The objective of this study was to investigate the frequency of HIV infection among female sex workers in the port area of Imbituba (State of Santa Catarina), and to identify the viral subtype and its susceptibility to antiretroviral medications. Ninety women were interviewed between December 2003 and February 2004. Six (6.7%) were HIV-positive. Genotyping for HIV, performed on four samples, detected subtype C in three of them, which is predominant in Africa and Asia, and subtype B in one of them, which is prevalent in Brazil, USA and Europe. The results suggest that the Port of Imbituba may be one of the gateways for HIV-1 subtype C to enter Brazil, and for its dissemination to the rest of the country and the Mercosul area, along the highway BR-101. This points towards the need for preventive work to reduce the introduction and dissemination of HIV subtype C in Brazil.

Key-words: HIV. Sex workers. Subtype C. Brazil.


O objetivo deste estudo foi verificar a freqüência da infecção pelo HIV em profissionais do sexo, atuantes em Imbituba (SC), identificar o subtipo viral e a suscetibilidade do vírus aos medicamentos antiretrovirais. De dezembro de 2003 a fevereiro de 2004, foram entrevistadas 90 mulheres, profissionais do sexo, e a freqüência de HIV nessa população foi de 6,7%. O teste de genotipagem para o HIV, realizado em quatro amostras, detectou em três delas o subtipo C, que é predominante na África e Ásia, e em uma o subtipo B, prevalente no Brasil, EUA e Europa.

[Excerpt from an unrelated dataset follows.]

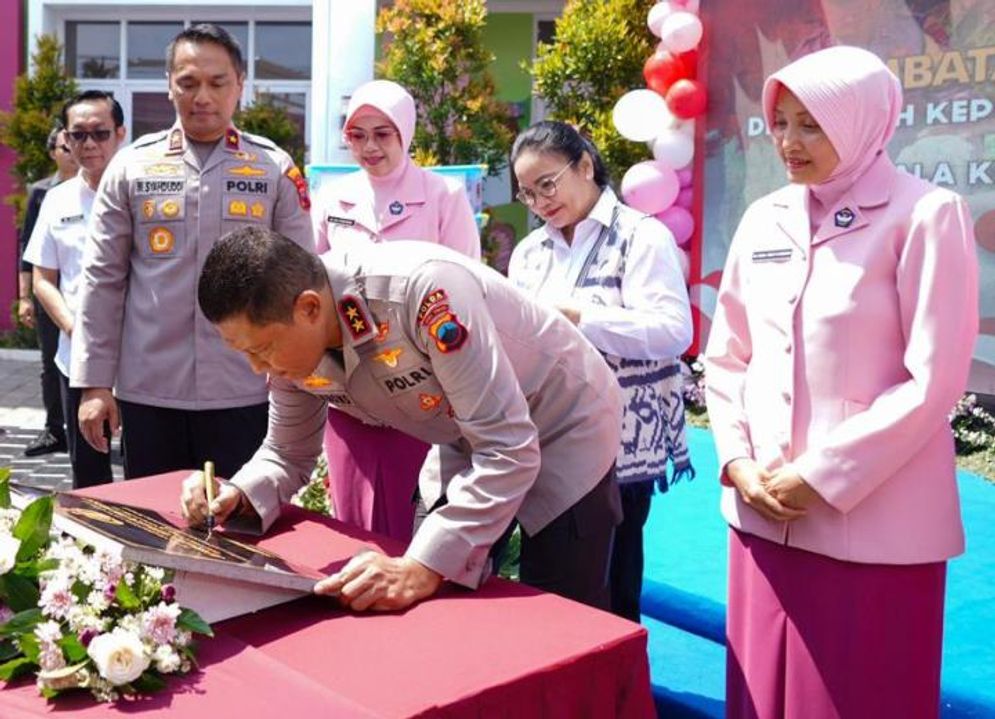 Peresmian jembatan Merah Putih Presisi ditandai dengan penandatangan prasasti jembatan oleh Kapolda Jateng Irjen Pol Ribut Hari Wibowo, Rabu 8 April 2026.

Os resultados sugerem que o Porto de Imbituba pode ser uma das portas de entrada para do HIV-1 subtipo C no Brasil, e a partir dessa localidade ocorrer sua disseminação para o restante do País e países do Mercosul pela rodovia BR-101. Isto aponta para a necessidade de trabalhos de prevenção, com a finalidade de reduzir a introdução, transmissão e disseminação do HIV subtipo C.

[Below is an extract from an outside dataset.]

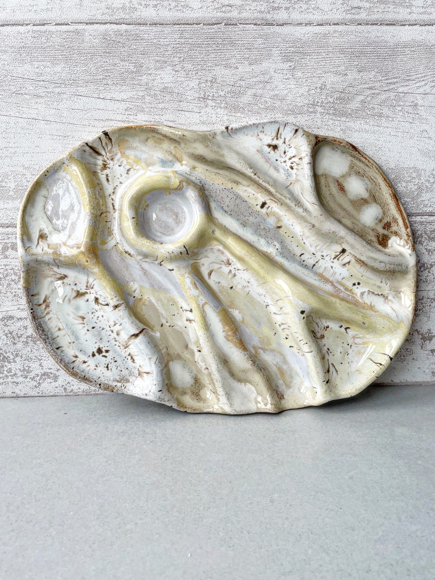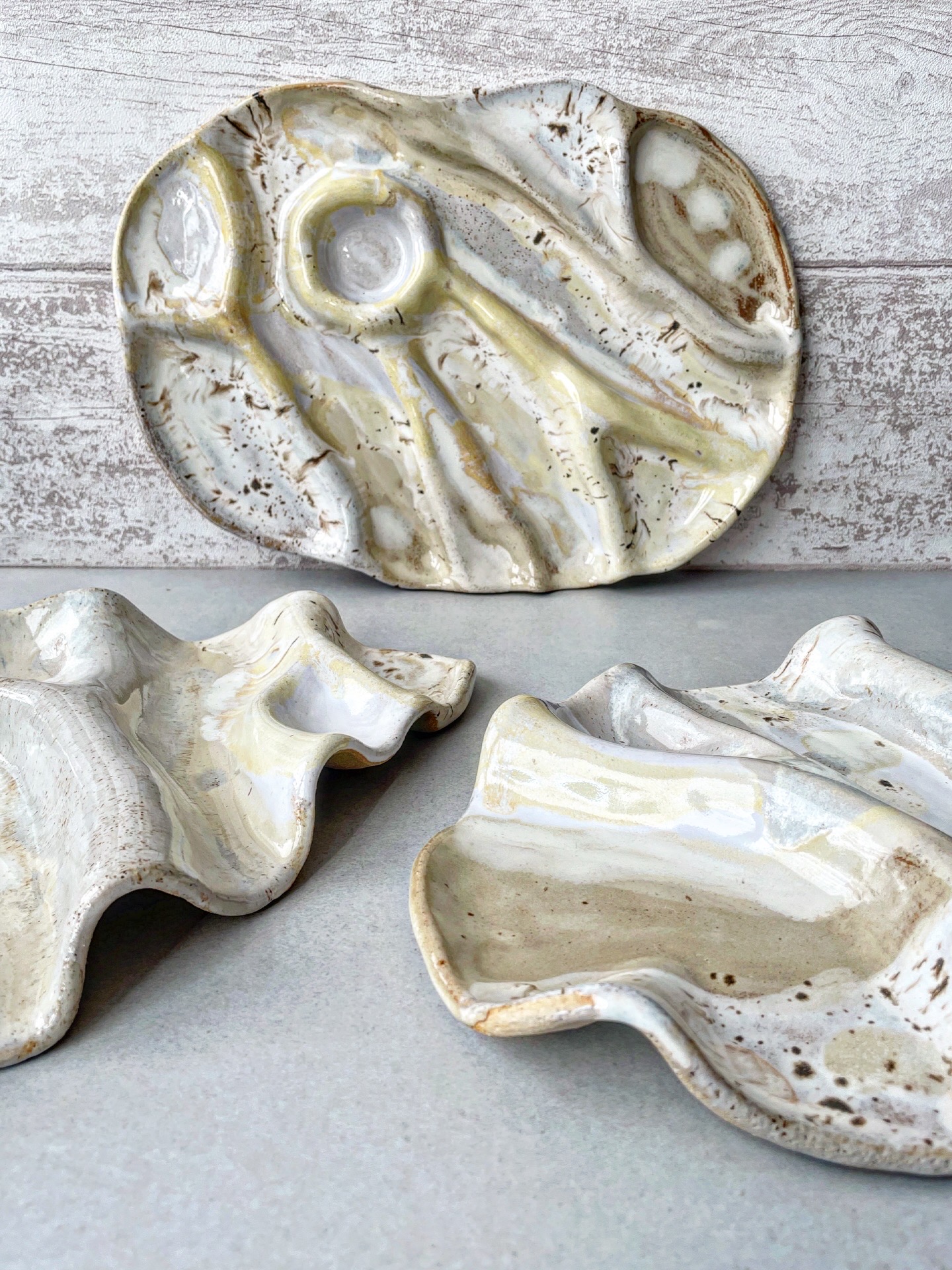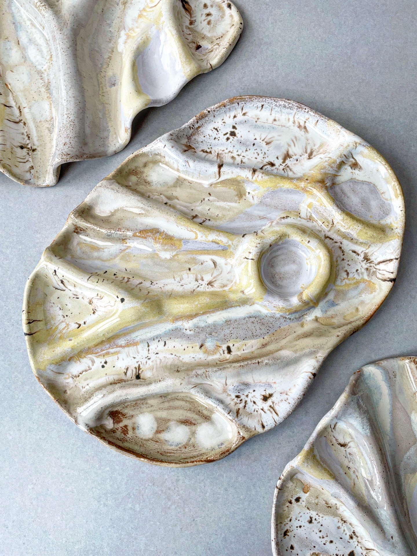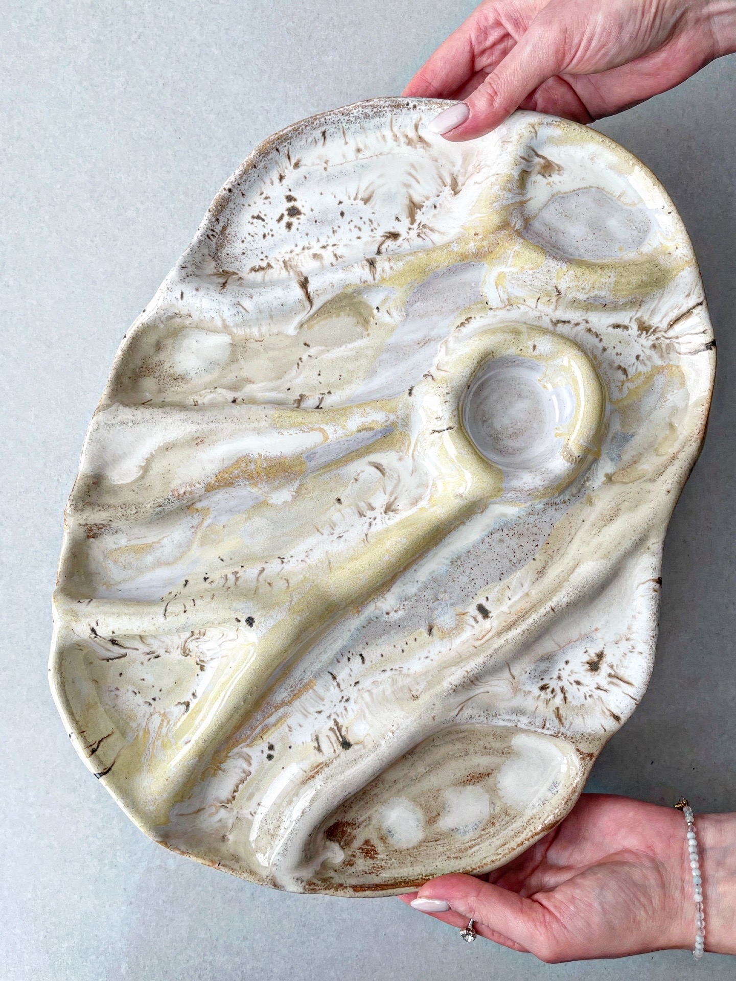 Patera ceramiczna wykonana ręcznie z jasnej gliny. Dzięki swojemu nieregularnemu i "pogiętemu" kształtowi Idealnie sprawdzi się do podawania różnych przekąsek.

Palavras-chaves: HIV. Profissionais do sexo. Subtipo C. Brasil.



The human immunodeficiency virus (HIV) is an emerging pathogen with great genetic polymorphism. Two types of virus (HIV-1 and HIV-2) have been identified as etiological agents for AIDS. HIV-2 is concentrated on the African continent, with a small number of cases in Europe and the United States. HIV-1 has spread worldwide. In order to identify the different subtypes of HIV-1, it has been divided into three large groups: M (Major), O (Outlier), and N (non-M and non-O)9 14 15.

At least 10 subtypes derived from the M group have already been detected, and these have been classified with the letters from A to J. These variations generally occur in the env and gag regions of the virus17. Studies conducted around the world have determined the distribution of the viral subtypes according to their predominant geographic localization: subtype A predominates in central Africa; B, in the United States, Europe, South America and Thailand; C, in India, southern Africa and Brazil8 13; D, in central Africa; E, in Thailand and the Central African Republic; F, in Brazil, Romania and the Democratic Republic of the Congo (DRC; former Zaire); G, in DRC, Gabon and Taiwan; G, in DRC, Gabon and Taiwan; H, in DRC and Gabon8.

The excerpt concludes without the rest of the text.